Of course, classes may support more than one such usage convention;
if they do, they can automatically be used in multiple modes. If you
try to use a terminus class as a filter, and that terminus has a constructor
with the appropriate number of arguments, it is automatically wrapped in
a "tee" filter.
Debugging Tip: "Tee" Joints can Snapshot Data
It can sometimes be hard to see what's happening, when something
goes wrong. Easily fixed: just snapshot the data. Then you can find
out where things start to go wrong.
If you're using pipeline descriptors so that they're easily
administered, just stick a write ( filename )
filter into the pipeline at an appropriate point.
Inside your programs, you can do the same thing directly: perhaps
by saving a Writer (perhaps a StringWriter) in a variable, using that
to create a TextConsumer, and making that the first part of a tee --
splicing that into your pipeline at a convenient location.
You can also use a DomConsumer to buffer the data, but remember
that DOM doesn't save all the information that XML provides, so that DOM
snapshots are relatively low fidelity. They also are substantially more
expensive in terms of memory than a StringWriter holding similar data.
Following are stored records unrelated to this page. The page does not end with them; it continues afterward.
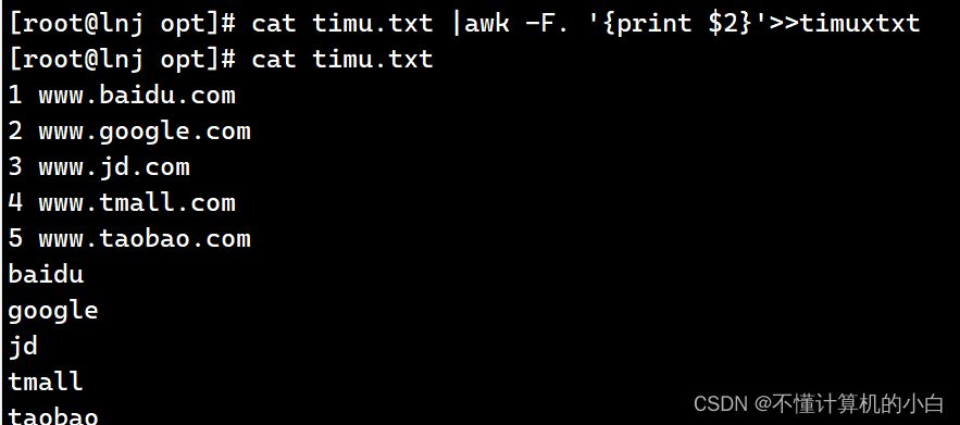 cat timu.txt |awk -F. '{print $2}'>>timuxtxt
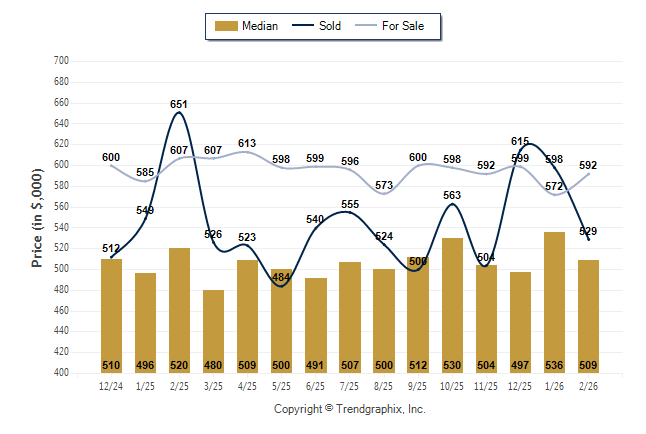 February 2026 Median Price was Neutral, Avg. For Sale Price was Neutral, and Avg. Sold Price was Neutral**
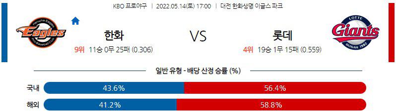 전일 경기에서는 롯데가 8-1 승리를 기록하며 시리즈 기선제압에 성공했다. 최근 4경기 3승1패 흐름 속에 시즌 19승15패 성적. 안치홍이 만루홈런 포함 3안타, 6타점을 기록하는 맹폭을 퍼붓고 반즈 투수의 6이닝 무실점 승리투가 나온 경기. 반면, 한화는 8연패 흐름 속에 시즌 11승25패 성적. 선발 김민우 투수가 1.2이닝 5실점 패배를 기록했고 6안타에 그치는 가운데 9회 1득점을 기록하며 무득점 패배를 모면한 것에 만족해야 했던 경기.
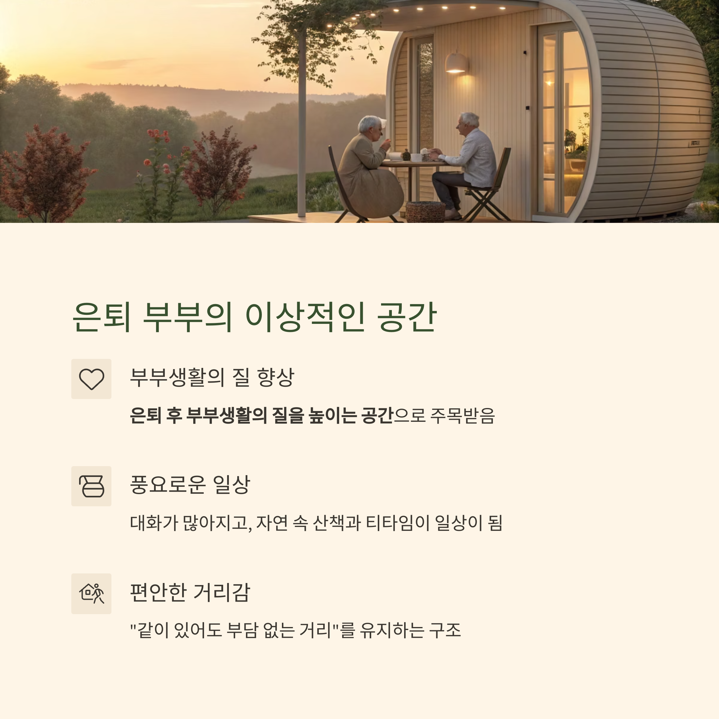 은퇴 후 부부생활의 질을 높이는 공간으로도 주목받고 있습니다.
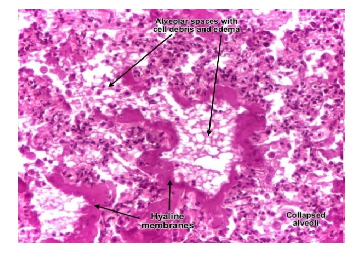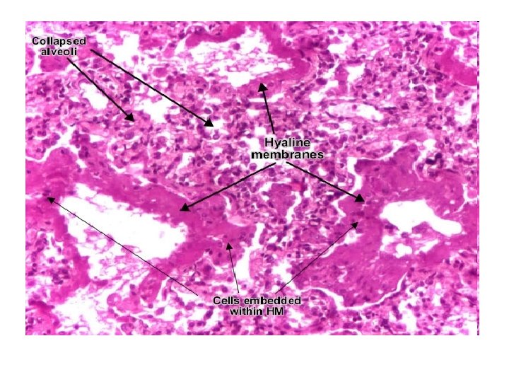 . Neonatal Respiratory Distress Syndrome - NRDS (Hyaline membrane disease) is characterized by collapsed alveoli alternating with hyperaerated alveoli, vascular congestion and hyaline membranes (resulted from fibrin, cellular debris, red blood cells). Hyaline membranes appear like an eosinophilic, lining or filling the alveolar spaces and blocking the gases exchange.
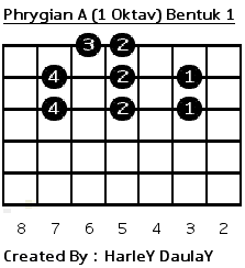 Prhygian scale Seperti halnya dengan scala yang lain,dalam prhygian scale juga saya hanya membahasnya dalam bentuk akord A saja. Beberapa hal yang paling penting diketahui dalam Phrygian A scale : - A = Mi (3) atau F = Do (1) - Akord yang di pakai : Am dan Am7. - Jarak nada : 1/2 - 1 - 1 - 1 - 1/2 - 1 - 1. - Urutan nada : A - Bb - C - D - E - F - G - A ( 3 - 4 - 5 - 6 - 7 - 1 - 2 - 3 ) - Cara memainkanya boleh dari senar/nada tertinggi ke senar/nada terendah atau sebaliknya. Lebih jelasnya perhatikan tab berikut : 1.Tab scale prhygian A dalam 1 oktav bentuk 1 Start pada jari tengah senar 6 fret ke 5 atau jari kelingking pada senar 4 fret ke 7.
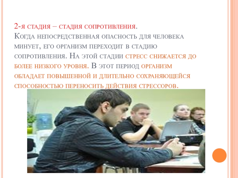 организм переходит в стадию сопротивления. На этой стадии стресс снижается до более низкого уровня. В этот период организм обладает повышенной и длительно сохраняющейся способностью переносить действия стрессоров.

Debugging Tip: Non-XML Producers
Producers in pipelines don't need to start from XML
data structures, such as text in XML syntax (likely coming
from some XMLReader that parses XML) or a
DOM representation (perhaps with a
DomParser).
One common type of event producer will instead make
direct calls to SAX event handlers returned from an
EventConsumer.
For example, making ContentHandler.startElement
calls and matching ContentHandler.endElement calls.
Applications making such calls can catch certain
common "syntax errors" by using a
WellFormednessFilter.
That filter will detect (and report) erroneous input data
such as mismatched document, element, or CDATA start/end calls.
Use such a filter near the head of the pipeline that your
producer feeds, at least while debugging, to help ensure that
you're providing legal XML Infoset data.
You can also arrange to validate data on the fly.
For DTD validation, you can configure a
ValidationConsumer
to work as a filter, using any DTD you choose.
Other validation schemes can be handled with other
validation filters.